::: Given entries

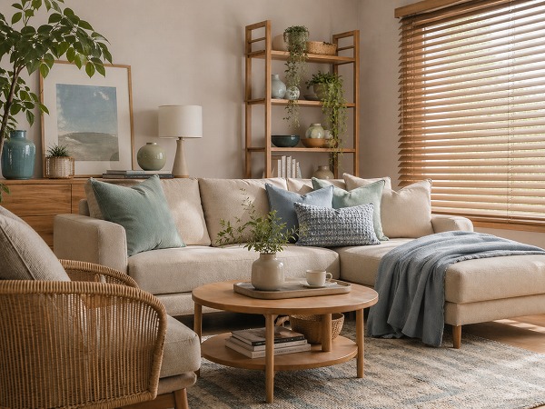 重要なのは、「同じベージュ」かどうかより、「同じトーンの方向かどうか」です。素材が違っても、トーンが近ければ空間はまとまりやすくなります。
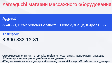 Yamaguchi, магазин массажного оборудования по адресу 654080, Кемеровская область, Новокузнецк, Кирова, 55 в дальнейшем Организация, размещена в следующих категориях:
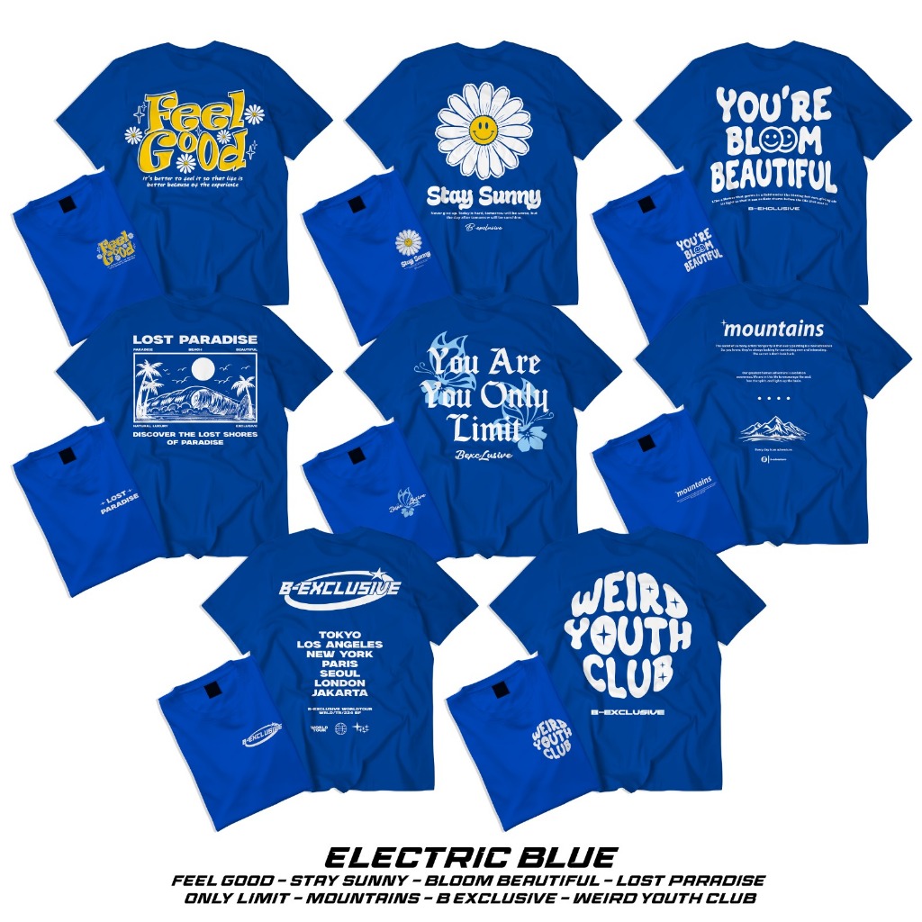 BL Baju Kaos T shirt T-shirt Tshirt Distro Katun Combed 24S Premium Pakaian Unisex Pria Wanita ELECTRIC BLUE FEEL GOOD, STAY SUNNY, BLOOM BEAUTIFUL...
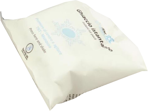 Premere con entrambe le mani verso il centro fino ad ottenere la rottura della bolla interna. Agitare il sacchetto per miscelarne il contenuto. Applicare sulla parte interessata.
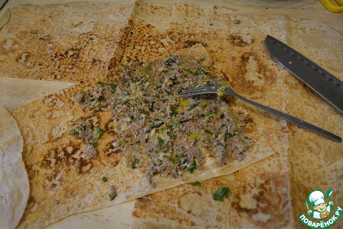 Разрезаем 1 лаваш на 4 части. На каждую часть кладем по 2-3 ст. л. фарша и буквально втираем его в лаваш, стараясь максимально уплотнить, чтобы рулеты хорошо скручивались. Фаршем нужно натереть 2/3 - как на фото.
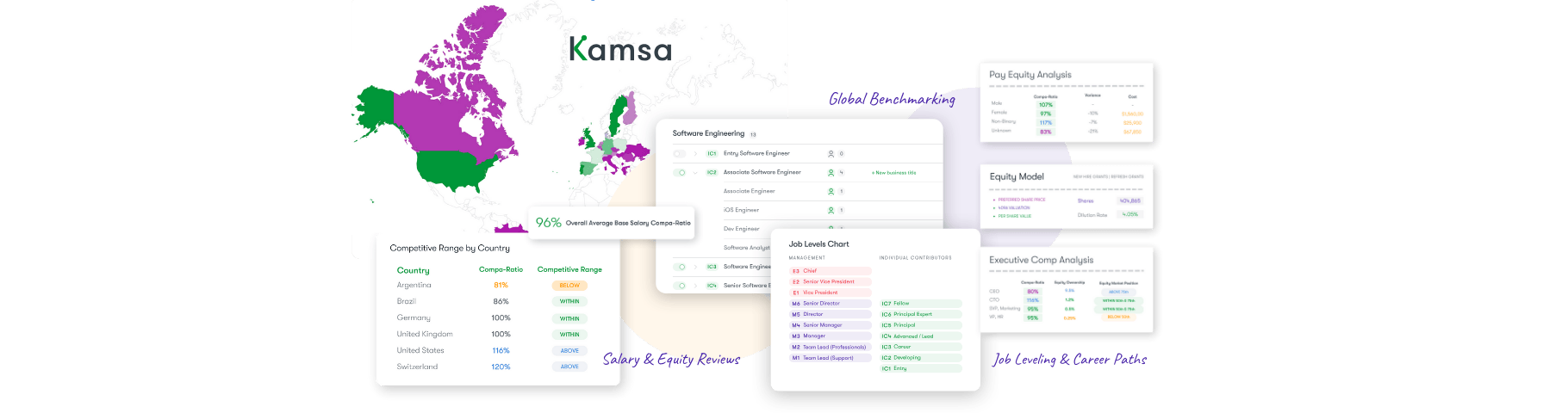 Kamsa is a global compensation software, built by compensation experts, making it painless to pay employees fairly. Using proprietary global market data across 60+ countries, Kamsa’s hybrid approach (technology + data + consulting) to compensation helps companies define their compensation philosophy, job architecture and compensation ranges, and benchmark employees' pay against the latest market trends.
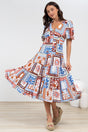 Sivana Midi Dress - V-Neck Buttoned Down Dress with Short Sleeves in Lirael Print
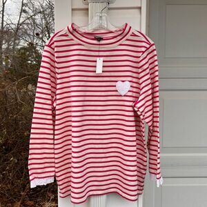 NWT Talbots Fun Pink Cream Stripe Appliqué Eyelet Heart Ruffled Cuff Top. 1X Bust 47”, 2X Bust 51”, Length 27”. Originally $89.50. Enjoy!
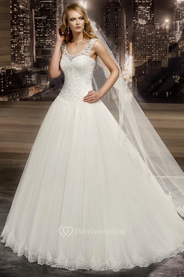 Scooped-Neck Cap Sleeve A-Line Bridal Gown With Illusive Neckline And Beaded Bodice
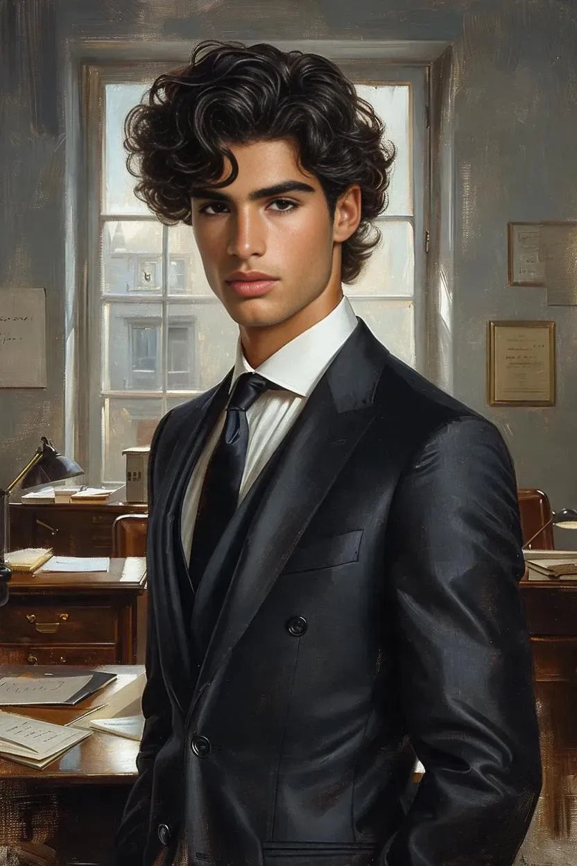 Create a striking AI-generated image of a young Italian man in a sleek dark suit, featuring black curly hair and delicate features. Perfect for professional portfolios with 8K digital painting quality, realistic office backdrop, and expert lighting contrast between soft diffusion and dramatic highlights.

::::::

What is needed - The answer is the full listing above, reproduced character for character, minus its images.

Result below -
 重要なのは、「同じベージュ」かどうかより、「同じトーンの方向かどうか」です。素材が違っても、トーンが近ければ空間はまとまりやすくなります。
 Yamaguchi, магазин массажного оборудования по адресу 654080, Кемеровская область, Новокузнецк, Кирова, 55 в дальнейшем Организация, размещена в следующих категориях:
 BL Baju Kaos T shirt T-shirt Tshirt Distro Katun Combed 24S Premium Pakaian Unisex Pria Wanita ELECTRIC BLUE FEEL GOOD, STAY SUNNY, BLOOM BEAUTIFUL...
 Premere con entrambe le mani verso il centro fino ad ottenere la rottura della bolla interna. Agitare il sacchetto per miscelarne il contenuto. Applicare sulla parte interessata.
 Разрезаем 1 лаваш на 4 части. На каждую часть кладем по 2-3 ст. л. фарша и буквально втираем его в лаваш, стараясь максимально уплотнить, чтобы рулеты хорошо скручивались. Фаршем нужно натереть 2/3 - как на фото.
 Kamsa is a global compensation software, built by compensation experts, making it painless to pay employees fairly. Using proprietary global market data across 60+ countries, Kamsa’s hybrid approach (technology + data + consulting) to compensation helps companies define their compensation philosophy, job architecture and compensation ranges, and benchmark employees' pay against the latest market trends.
 Sivana Midi Dress - V-Neck Buttoned Down Dress with Short Sleeves in Lirael Print
 NWT Talbots Fun Pink Cream Stripe Appliqué Eyelet Heart Ruffled Cuff Top. 1X Bust 47”, 2X Bust 51”, Length 27”. Originally $89.50. Enjoy!
 Scooped-Neck Cap Sleeve A-Line Bridal Gown With Illusive Neckline And Beaded Bodice
 Create a striking AI-generated image of a young Italian man in a sleek dark suit, featuring black curly hair and delicate features. Perfect for professional portfolios with 8K digital painting quality, realistic office backdrop, and expert lighting contrast between soft diffusion and dramatic highlights.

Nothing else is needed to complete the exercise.